The Acquisition will constitute a reverse takeover of the Company under the AIM
Rules and this will require the prior approval of Existing Shareholders at the
General Meeting. In conjunction with the Acquisition, the Company proposes to
change its name to Hanson Westhouse Holdings plc and to consolidate its Ordinary
Shares into New Ordinary Shares in accordance with which five Ordinary Shares
would be consolidated into one New Ordinary Share.
Following completion of the Acquisition and the issue of Placing Shares pursuant
to the Placing, as the Concert Party (comprising the current shareholders of
HansonWesthouse) is expected to be interested in more than 30 per cent. of the
voting rights in the Company on Admission, in normal circumstances a general
offer to Existing Shareholders would be required under Rule 9 of the Takeover
Code to acquire all the Ordinary Shares not already owned by the Concert Party.
However, the Company is seeking that the Panel agree to waive the requirement
for an offer under Rule 9 that would otherwise arise on completion of the
Acquisition, subject to the approval of Existing Shareholders. The completion of
the Acquisition is subject to this waiver being granted.

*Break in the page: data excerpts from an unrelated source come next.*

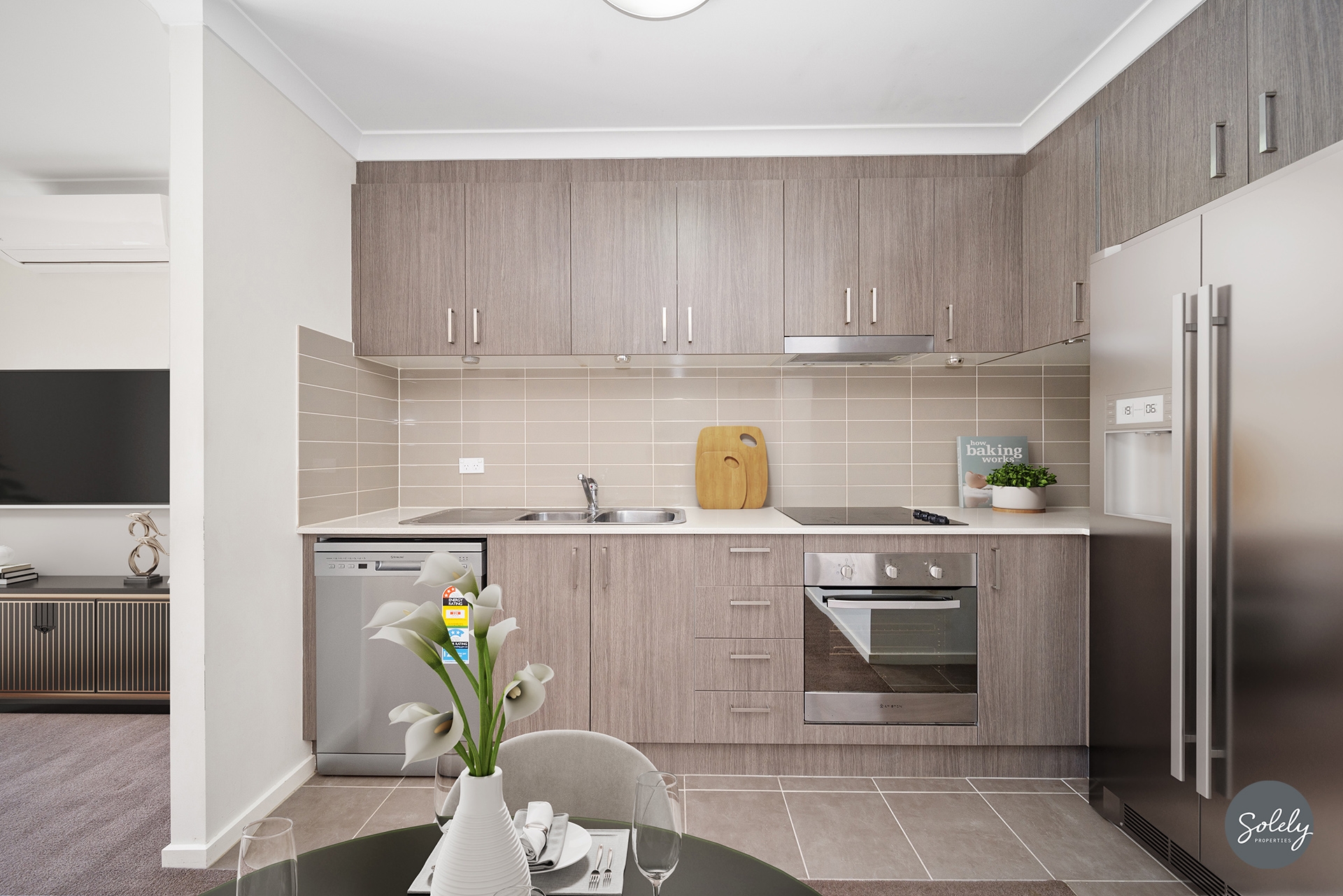 * One-wall kitchen features stone benches, and an Ariston and Stirling appliance package including an electric cooktop, an electric oven and dishwasher
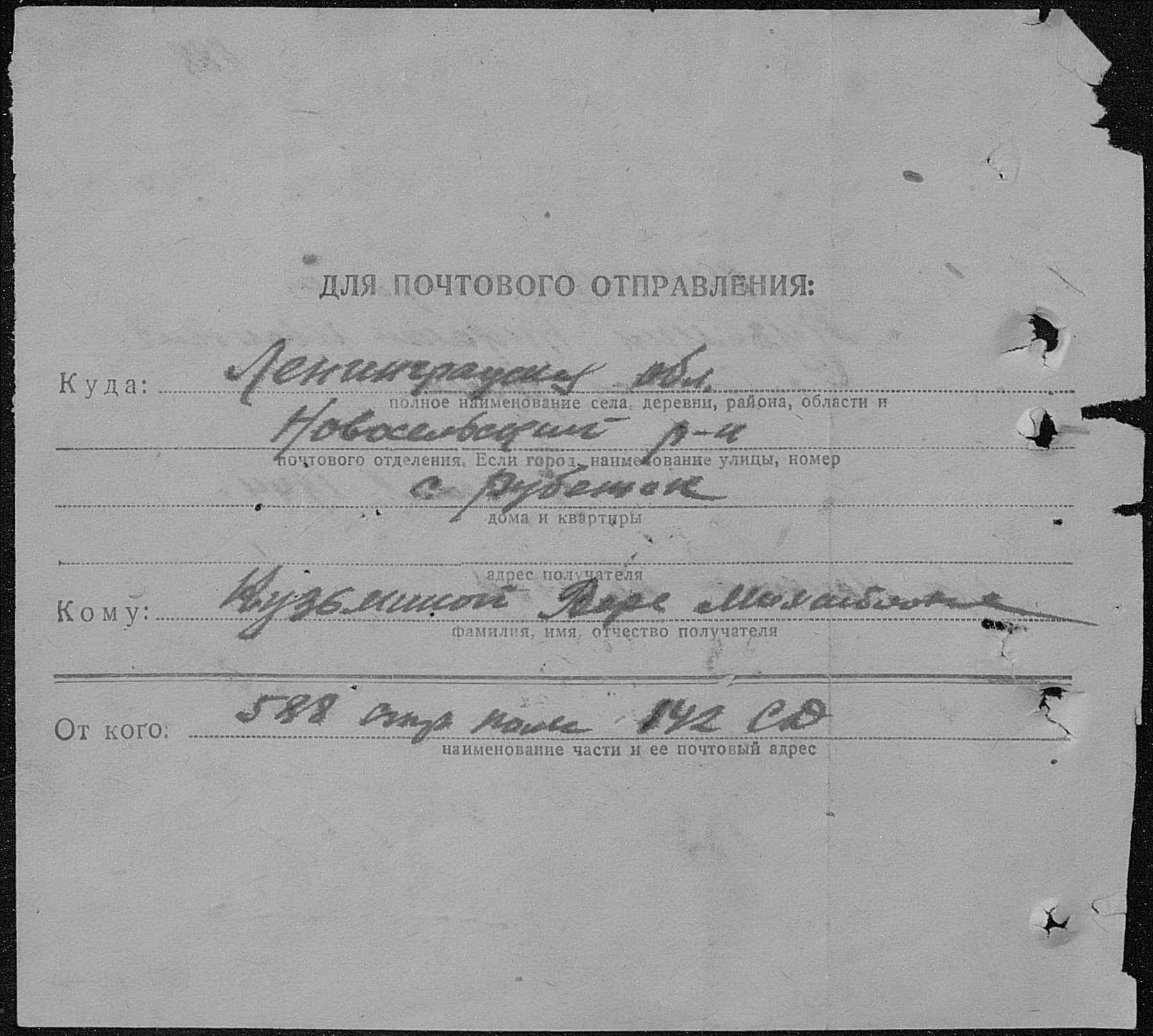 Место проживания родственников на момент призыва
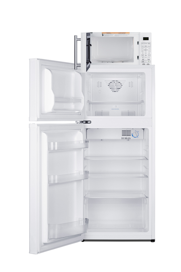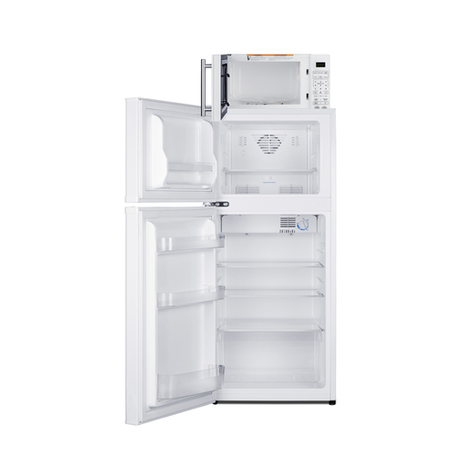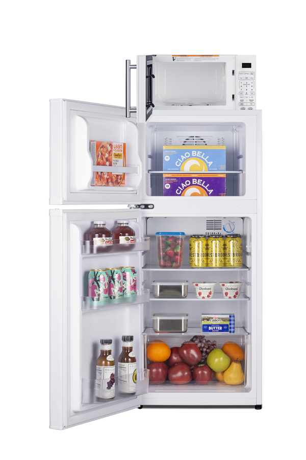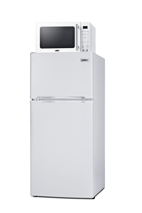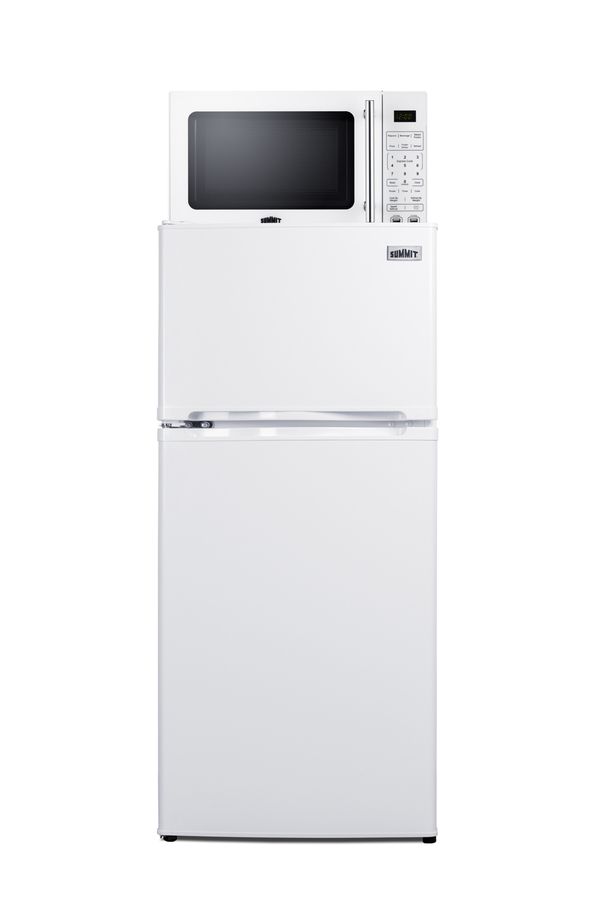 Summit’s innovative MRF series offers combination refrigerator-microwaves with one-plug operation, ideal for hotels and other settings looking to maximize user convenience and save space. Model MRF712WALHD combines a fully featured compact microwave with an ENERGY STAR-certified two-door refrigerator-freezer. The complete unit is sized at 19” wide, with a 43" height to meet ADA guidelines for easy accessibility. The refrigerator-freezer, model FF712WLHD, offers 4.3 cu.ft. of interior storage capacity, one of the largest in this size class of compact refrigerator-freezers. Both refrigerator and freezer sections include adjustable glass shelves and door storage, with the fridge also featuring a clear crisper drawer, and door racks offer convenient storage in the fresh food section. This unit comes in a white finish with a left-hand door swing. The included microwave, model SM904WA, comes in the same classic white finish as the fridge and includes an easy-grab handle in brushed stainless steel to complement the refrigerator. Two USB ports are included to charge mobile devices. The microwave includes a built-in allocator, allowing you to plug the fridge directly into the microwave. Power Note: The allocator will temporarily disable the power of the refrigerator while the microwave is in use, resuming after the cooking cycle is complete in order to protect against power surges. The microwave features a door window and a digital touchpad control panel with one-touch settings for common meals, including frozen food, potatoes, pizza, and popcorn. The display and end-of-cycle alerts can be disabled and muted as needed. We include two brackets that let you set the microwave on top of the refrigerator and gently secure it with adhesive. This unit ships on one pallet in three boxes (refrigerator-freezer, microwave, and our bracket set). With its ENERGY STAR performance and compact fit, the MRF712WALHD is the ideal combo solution for senior living facilities, smaller housing units, offices, dorms, and other space-restricted kitchens. For this unit in a modern black finish, see model MRF713BA. Additional combinations are available in stainless steel, as well as larger and smaller sizes.

Background to and reasons for the Acquisition
The Board has been looking for a business to complement the Company's existing
business, share and reduce costs and create a larger business that has several
income streams, and will ultimately be a stronger entity for its shareholders.
The Board has concluded that the combination of the businesses of SovGEM and
HansonWesthouse will be beneficial for Existing Shareholders. The Board believes
that the Proposals will allow Existing Shareholders to derive enhanced benefits
from the Company's portfolio and strategy as well as creating the
opportunity, particularly given current market conditions, to expand the
advisory and corporate broking business of the Enlarged Group.
The combination of the businesses of the Company and HansonWesthouse will, in
the view of the Board, create a more cost effective business with a strong asset
base, a variety of income streams and complementary skills, which is expected to
enhance the profitability of the Enlarged Group.
Information on HansonWesthouse
HansonWesthouse holds 100% of the shares in the regulated, operating business,
Hanson Westhouse Limited. Headquartered in the City of London, the business of
Hanson Westhouse Limited started in 2004 (initially trading as Westhouse
Securities LLP). Hanson Westhouse Limited offers both corporate advisory and
broking services to small and medium sized public and private companies. It has
a particular specialisation in servicing companies admitted to trading on the
AIM market with international operations, particularly in the natural resources
sector and those based in Asia.
Hanson Westhouse Limited is authorised and regulated by the FSA, is a member of
the London Stock Exchange and is a registered AIM nominated adviser and broker.
Hanson Westhouse Limited currently employs 30 staff headed by William Staple,
the Chief Executive. Employees are divided approximately equally between the
Corporate Advisory department, the Corporate Broking department and the Research
department (excluding senior management and administration staff).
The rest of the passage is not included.